# Jason Kapono



## WhoDaBest23 (Apr 16, 2003)

So how do you think he will do with the bobcats this year? Will he be a starter or a 6th man? IMO I think he will start along with Wallace on the wings. The Bobcats would get killed much worse on D if they start House over him. Kapono had a decent summer and I think he's earned the starting job. I see him averaging possibly between 8-12 points a game. I could be a little too optimistic though...


----------



## R-Star (Jun 13, 2002)

> Originally posted by <b>WhoDaBest23</b>!
> So how do you think he will do with the bobcats this year? Will he be a starter or a 6th man? IMO I think he will start along with Wallace on the wings. The Bobcats would get killed much worse on D if they start House over him. Kapono had a decent summer and I think he's earned the starting job. I see him averaging possibly between 8-12 points a game. I could be a little too optimistic though...
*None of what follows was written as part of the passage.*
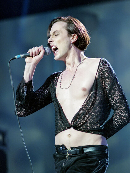Бисексуальность и гендерную неопределенность солист Suede Бретт Андерсон нес не только в тексты, но и в свой имидж. Обтягивающие джинсы и женственные шелковые блузки, которые он нередко (и очень театрально) рвал на выступлениях, выстраивали Андерсону андрогинный образ, а стирание гендерных границ усиливала тяга певца ко всему черному: в худой, скрытой полумраком сцены и собственной одежды фигуре было трудно различить половые признаки. Андерсон вдохновлялся скорее Дэвидом Боуи и солистом The Smiths Моррисси (с ним сравнивали и музыку Suede), чем своими «пацанистыми» коллегами вроде Галлахеров. И, пожалуй, единственный из всех брит-поперов, плохо вписывался в Cool Britannia — декадентам там места не было.
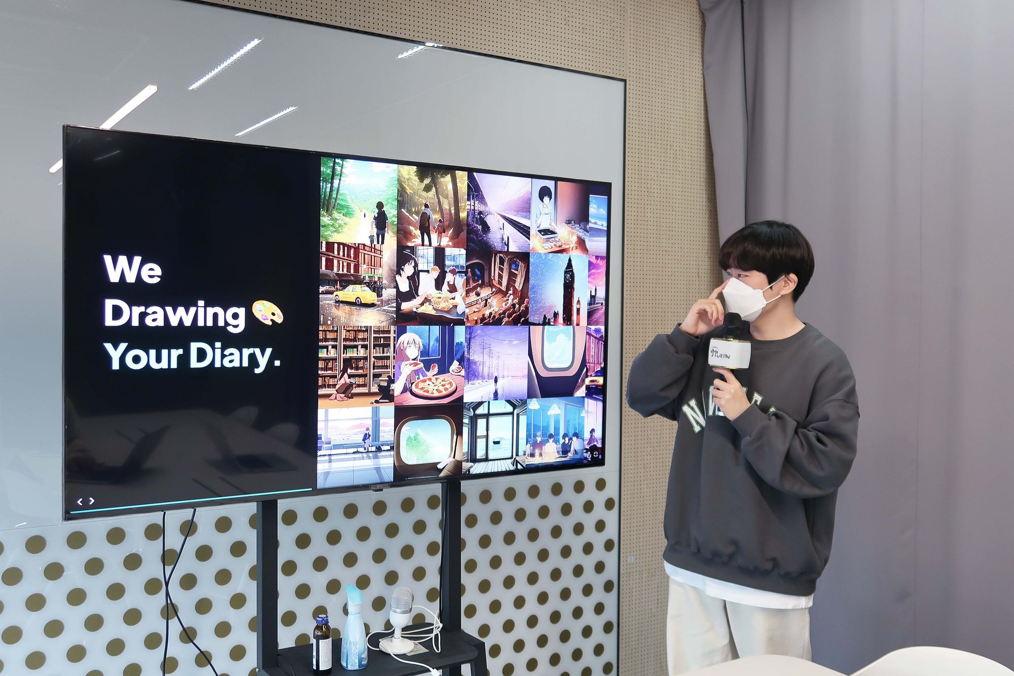'다이어리를 매일 쓰게 하려면 어떻게 해야 할까'를 고민하다가 시각적인 이미지를 활용해보기로 했어요. 하루를 간단히 기록하면 문장들을 AI가 분석해서 썸네일을 자동으로 만들어주고, 일기를 쓰는 재미를 느낄 수 있게 했습니다! 나중에는 이런 썸네일들이 사진첩처럼 쌓여서 이 날에 어떤 일이 있었고, 어떤 기분이었구나를 직관적으로 회상하게 해줄 수 있어요.

I see him getting around 12-15 a game. Its not like the Bobcats have too many scoring options.


----------



## Kunlun (Jun 22, 2003)

Well, he will certainly help spread the offense for Emeka to work down low. He is an great shooter.


----------



## KG4MVP2 (Jul 28, 2003)

Kapono should averege at least 10ppg. He has a jump shot a very good one but in order to succeed he needs to work on his D and be consistent on his jump shot to have a great jump shot not just a good one.


----------



## AZwildcats4 (Feb 9, 2004)

yeah 10-12 ppg...somebody has to score


----------



## ChristopherJ (Aug 10, 2004)

8-10 A GAME ATLEAST.


----------



## bLo0dYtEaRz818 (Oct 23, 2004)

kapano is a very good field goal shooter. i think he will help the team with his shots and his assists.. he will make a great player for the bobcats..


----------